There was a time when disco was a source of ridicule — a staple of fancy-dress costumes and drunken karaoke parties. So why its seeming rebirth and massive popularity? Disco is the grandchild of EDM, electronic dance music, which has been hugely popular in the last few years with multiplatinum albums from Avicii, David Guetta and Calvin Harris featuring many modern-day pop stars such as Usher, Nicki Minaj and Flo Rida. All it needed was for someone to make the connection, and that someone was Daft Punk, which not only used a popular current pop star in Pharrell but also sought out disco originators Rodgers and Moroder.

There was a lot about disco that was good. It was musical, melodic and fun. Once Pharrell and Mars gave it the thumbs-up, it was easy for tweens and millennials, unaware of disco’s stigma, to get a one-way ticket to “Funkytown.” Music is, of course, cyclical. Disco is fun-loving, feel-good party music, as is EDM. And during a shaky economy and fears about terrorism, people want an escape in the same way they did in the ’70s after Vietnam and a bankrupt economy.

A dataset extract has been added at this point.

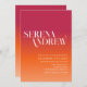 O céu sunset inspirou o gradiente ombre com o tema cor de pêssego laranja viva magenta, o moderno roteiro personalizado convite de casamento. Este cartão é facilmente editável. Se precisar de ajuda para a personalização deste produto ou se precisar de mais produtos correspondentes para esta coleção, envie-me gentilmente o Zazzle.

The influential dance music website beatport.com has a new category of music titled “Nu Disco.” A quick listen of the chart reveals samples and reworkings from old songs by Prince, Michael Jackson and Blondie.

Those who are taken in by the lure of hipster-produced “Nu Disco” are missing the boat. They remind me of the hapless computer programmer, Caleb Smith, who falls in love with a humanistic robot in the sci-fi film “Ex Machina.” It’s only a recreation of something that existed in an original, more distilled form.

If you want to know where it all started and show a little respect at the same time, there is that new music by Chic and Giorgio Moroder.

Jeff Vasishta lives in Crown Heights.